ACE program thrives while lawsuit looms
Angela Saoud | Wednesday, September 29, 2004
When he founded the Alliance for Catholic Education program in 1993, Father Timothy Scully had no way of knowing the impact ACE would make – or the controversy it would cause.
After 200 graduating seniors attended a trial meeting that year to express their interest in teaching after leaving Notre Dame, Scully knew he and colleague Sean McGraw were on to something.
But now – 10 years, 557 graduated teachers and countless students later – the program’s future hangs in the balance while part of its funding is disputed in court.
“[We] started the ACE program because Catholic schools in under-resourced areas of the United States were struggling to find qualified and committed teachers,” Scully said. “By the grace of God, we would like to continue to serve in this role for the Church.”
That role came under national scrutiny when Federal District Judge Gladys Kessler agreed with the American Jewish Congress in a July 2 court case that said federal money was being inappropriately used to pay for the teaching of Christian values. The plaintiffs argued that AmeriCorps should not finance programs that place volunteers in Catholic schools. Kessler sided with the plaintiffs, saying the ACE program unconstitutionally crossed the barrier between church and state and that the line between secular and nonsecular activities had become “completely blurred.”
However, on Aug. 31, Kessler entered a stay of her own ruling in light of AmeriCorps and the ACE program’s intention to appeal, University spokesman Matt Storin said Tuesday.
“She ordered that nothing [in the ACE program] would be affected until after the appeal has been heard,” Storin said. “It’s estimated that a decision on the appeal is not likely until next spring.”
And for former and current ACE students, this message is a welcome one.”No funding would be affected in the near term,” Storin said. “The judge also said that no one enrolled in the program before the appeal decision would be affected if the decision goes against us – only future enrollees.”
Of the students who went through the ACE program, 26 have received Ph.D.s in education, 38 have studied law, 12 have become doctors, six have pursued doctorates and nearly 50 others have gone on for advanced degrees in education.
Scully said the program’s surprising success is due to the far-reaching effects of its graduates.
“In terms of how many folks we anticipated, we didn’t anticipate anything,” Scully said. “In a few short years, ACE has already become the nation’s largest formations program for Catholic school teachers in the country.”
ACE has been training teachers for two-year commitments in parochial schools since 1994. After completing the teaching stint, each participant receives a master’s degree in education.
ACE teachers-in-training are allotted a stipend of $12,000 a year from the schools in which they teach.
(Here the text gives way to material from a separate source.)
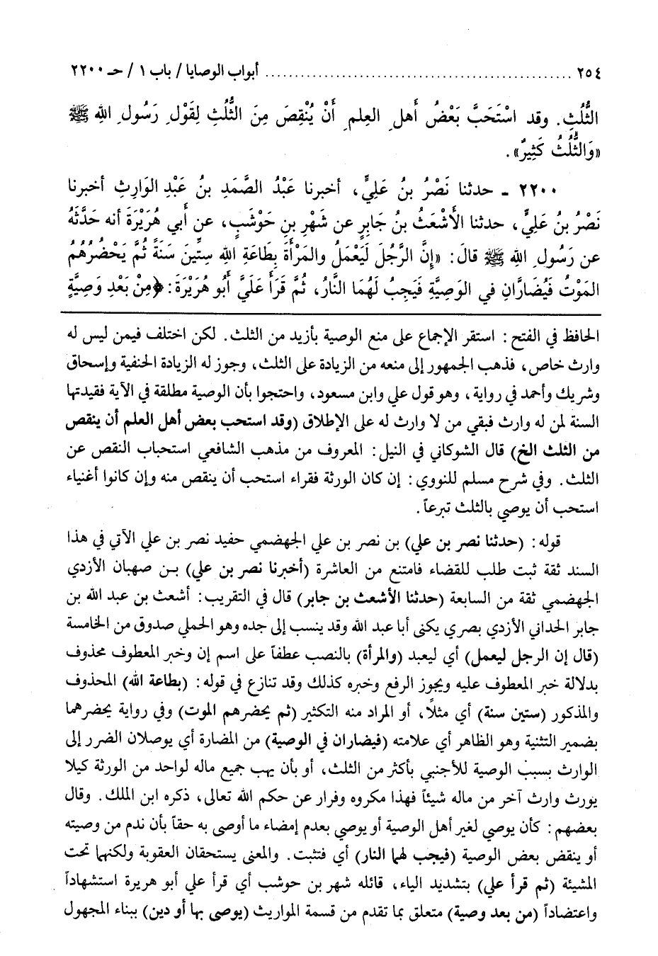 قَوْلُهُ [2117] (حَدَّثَنَا نَصْرُ بْنُ عَلِيِّ) بْنِ نَصْرِ بْنِ عَلِيٍّ الْجَهْضَمِيُّ حَفِيدُ نَصْرِ بْنِ عَلِيٍّ الْآتِي فِي هَذَا السَّنَدِ ثِقَةٌ ثَبْتٌ طُلِبَ لِلْقَضَاءِ فَامْتَنَعَ مِنْ الْعَاشِرَةِ (حَدَّثَنَا نَصْرُ بْنُ عَلِيِّ) بْنِ صُهْبَانَ الْأَزْدِيُّ الْجَهْضَمِيُّ الْبَصْرِيُّ ثِقَةٌ مِنَ السَّابِعَةِ (حدثنا الْأَشْعَثُ بْنُ جَابِرٍ) قَالَ فِي التَّقْرِيبِ أَشْعَثُ بْنُ عَبْدِ اللَّهِ بْنِ جَابِرٍ الْحُدَّانِيُّ الْأَزْدِيُّ بَصْرِيٌّ يُكَنَّى أَبَا عَبْدِ اللَّهِ وَقَدْ يُنْسَبُ إِلَى جَدِّهِ وَهُوَ الْحَمْلِيُّ صَدُوقٌ مِنَ الْخَامِسَةِ (قَالَ إِنَّ الرَّجُلَ لَيَعْمَلَ) أَيْ لَيَعْبُدَ (وَالْمَرْأَةَ) بِالنَّصْبِ عَطْفًا عَلَى اسْمِ إِنَّ وَخَبَرُ الْمَعْطُوفِ مَحْذُوفٌ بِدَلَالَةِ خَبَرِ الْمَعْطُوفِ عَلَيْهِ وَيَجُوزُ الرَّفْعُ وَخَبَرُهُ كَذَلِكَ وَقَدْ تَنَازَعَ فِي قَوْلِهِ (بِطَاعَةِ اللَّهِ) الْمَحْذُوفُ وَالْمَذْكُورُ (سِتِّينَ سَنَةً) أَيْ مَثَلًا أَوِ الْمُرَادُ مِنْهُ التَّكْثِيرُ (ثُمَّ يَحْضُرُهُمُ الْمَوْتُ) وَفِي رِوَايَةٍ يَحْضُرُهُمَا بِضَمِيرِ التَّثْنِيَةِ وَهُوَ الظَّاهِرُ أَيْ عَلَامَتُهُ (فَيُضَارَّانِ فِي الْوَصِيَّةِ) مِنَ الْمُضَارَّةِ أَيْ يُوَصِّلَانِ الضَّرَرَ إِلَى الْوَارِثِ بِسَبَبِ الْوَصِيَّةِ لِلْأَجْنَبِيِّ بِأَكْثَرَ مِنَ الثُّلُثِ أَوْ بِأَنْ يَهَبَ جميع ماله لواحد من الورثة كيلا يورث وارث اخرون مِنْ مَالِهِ شَيْئًا فَهَذَا مَكْرُوهٌ وَفِرَارٌ عَنْ حكم الله تعالى ذكره بن الْمَلَكِ

In addition, most ACE participants are also eligible to apply for and receive two annual $4,725 education vouchers, provided by AmeriCorps. To qualify, the participant completes 1,700 hours of service in or outside of the classroom that is of a non-religious affiliation.
Through the ACE program, Notre Dame also receives grants of up to $400 a year for every full-time AmeriCorps member that signs on – money that covers nearly 8 percent of salaries for the ACE faculty members who are teaching secular subjects.
ACE has recently expanded its program overseas to Ireland and Holy Cross schools in Chile. Scully said the program also hopes to expand in coming years to Uganda and east Africa.
Chris Broughton, a 2004 Notre Dame graduate, said he first decided to apply to ACE after talking with upperclassmen friends already in the program. His decision to apply was confirmed after a summer of teaching English in El Salvador through the International Summer Service Learning Program run by the Center for Social Concerns.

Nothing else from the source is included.